### Information provided
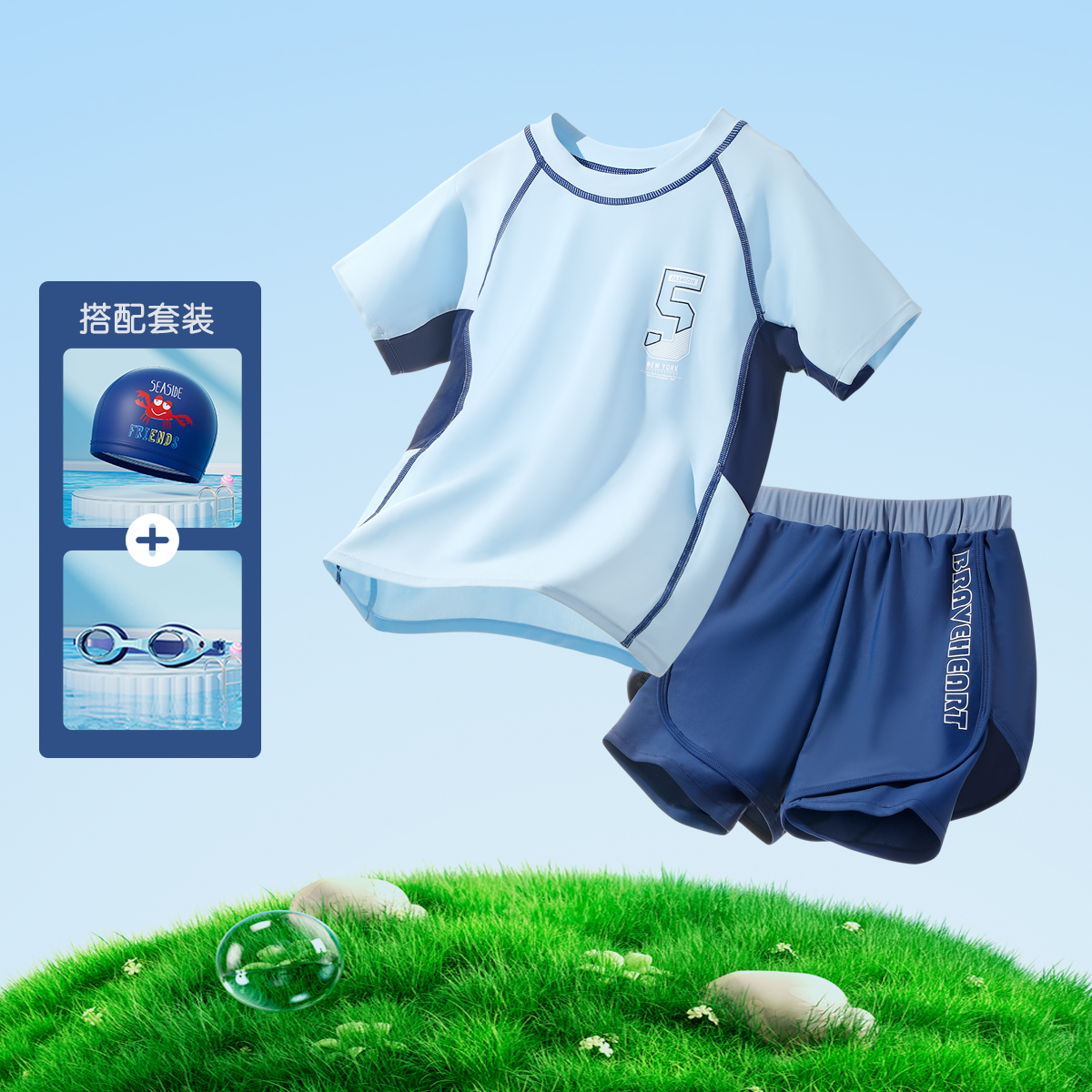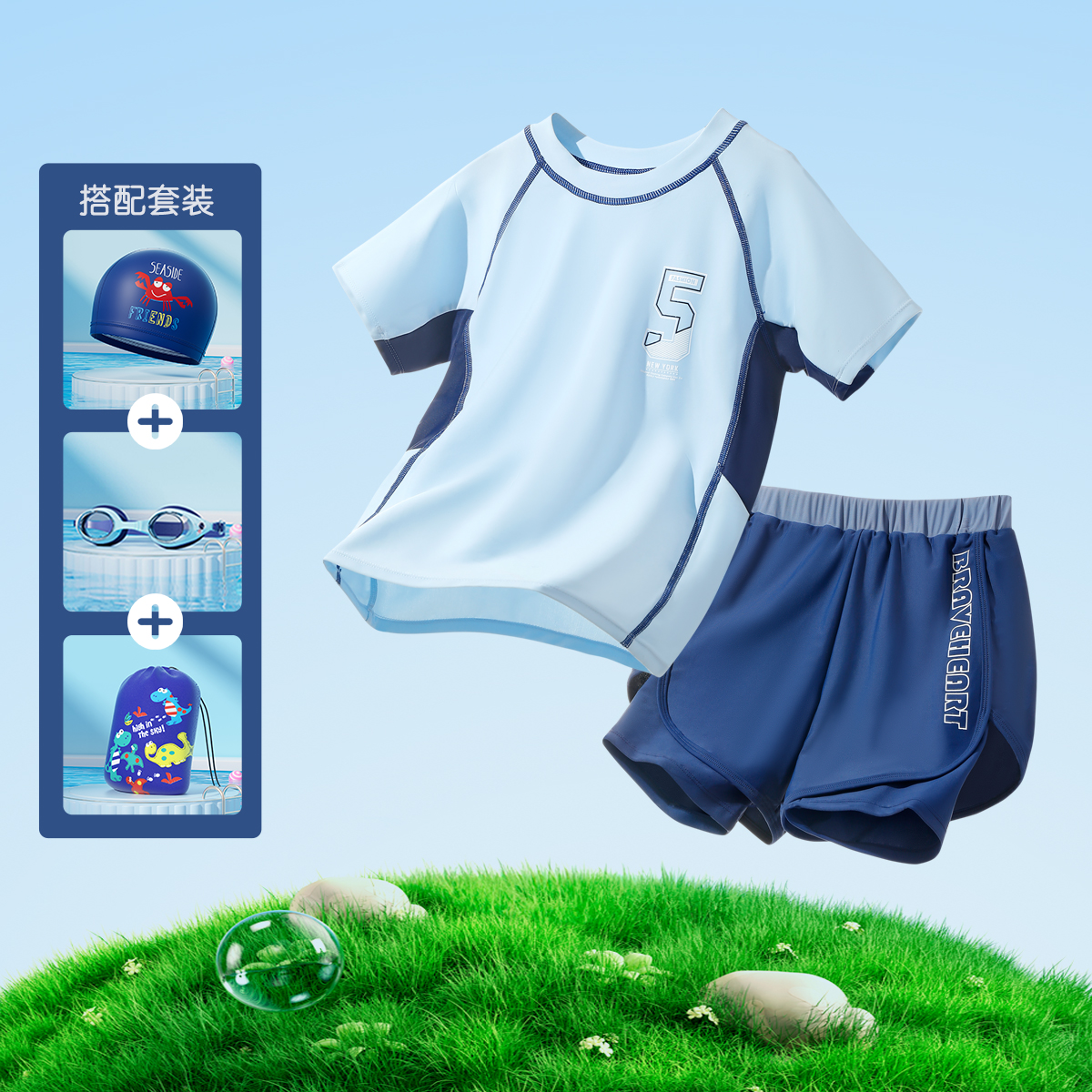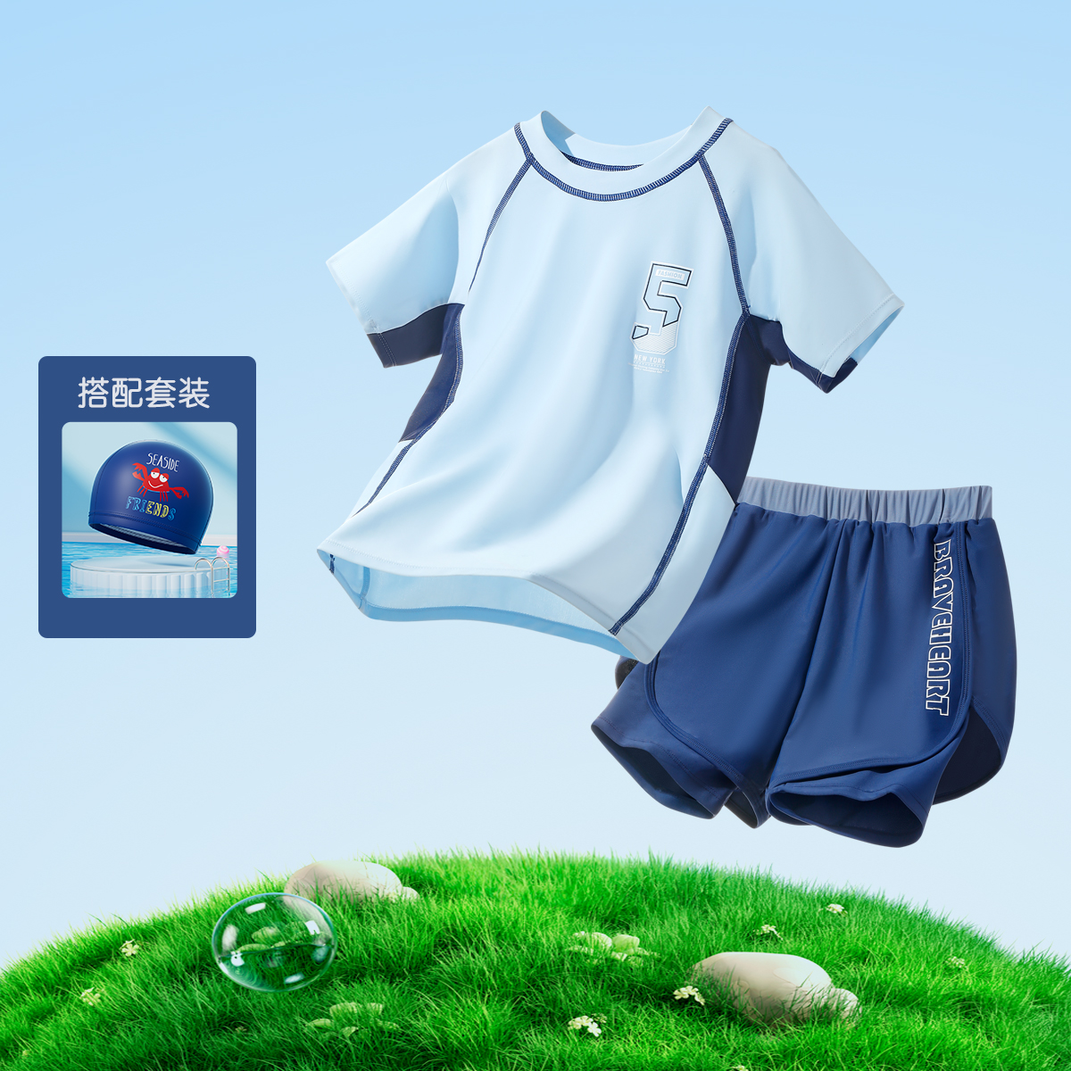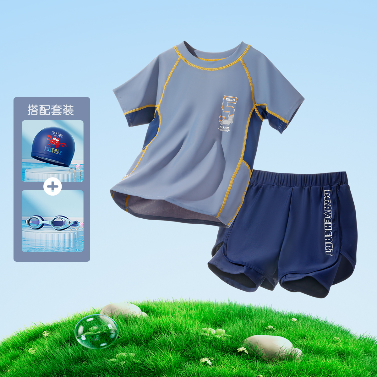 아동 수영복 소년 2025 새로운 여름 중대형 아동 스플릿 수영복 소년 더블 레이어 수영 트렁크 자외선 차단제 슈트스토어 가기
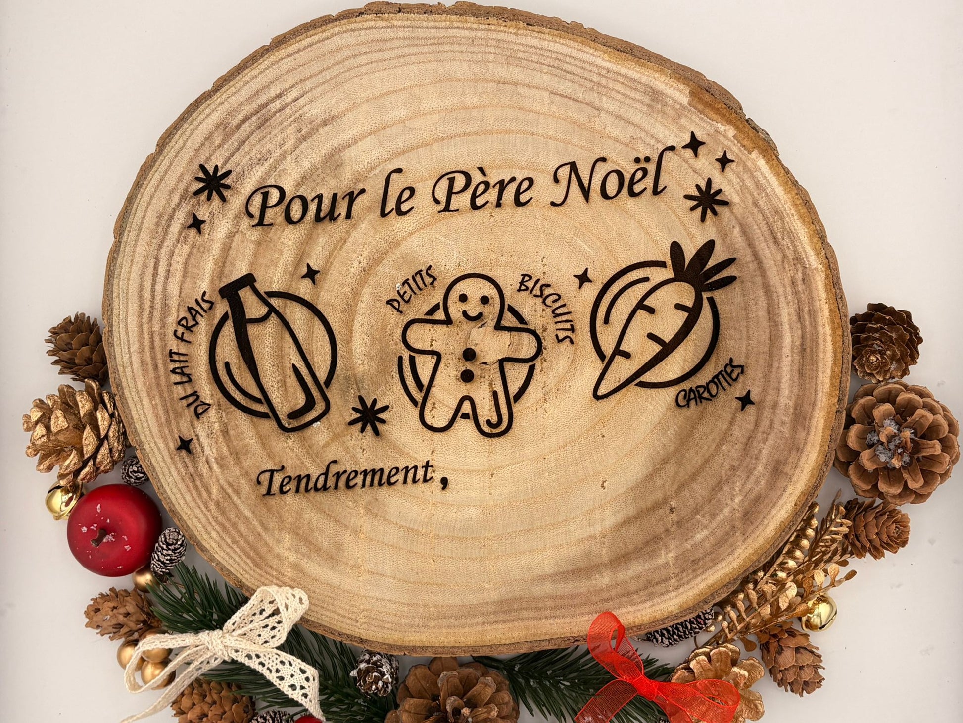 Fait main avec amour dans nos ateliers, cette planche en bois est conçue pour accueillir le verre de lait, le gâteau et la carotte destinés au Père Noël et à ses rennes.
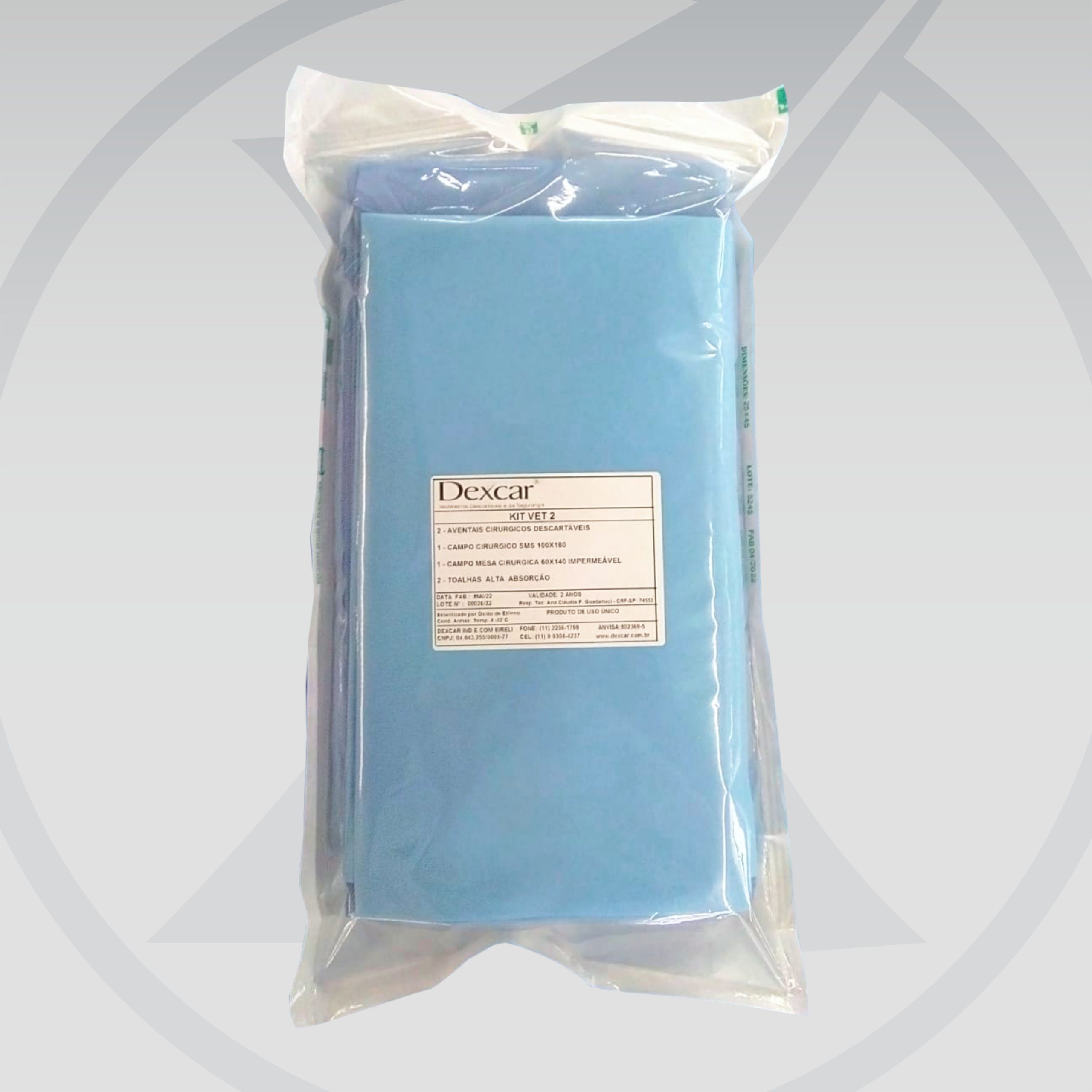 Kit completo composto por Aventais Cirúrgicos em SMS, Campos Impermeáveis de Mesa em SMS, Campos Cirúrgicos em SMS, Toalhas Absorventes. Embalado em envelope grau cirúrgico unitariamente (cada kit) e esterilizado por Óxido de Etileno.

### Your instructions
Transcribe, word for word, only the material from its opening line through the line containing "Fait main avec", both ends included, and omit the pictures.

### Reply
 아동 수영복 소년 2025 새로운 여름 중대형 아동 스플릿 수영복 소년 더블 레이어 수영 트렁크 자외선 차단제 슈트스토어 가기
 Fait main avec amour dans nos ateliers, cette planche en bois est conçue pour accueillir le verre de lait, le gâteau et la carotte destinés au Père Noël et à ses rennes.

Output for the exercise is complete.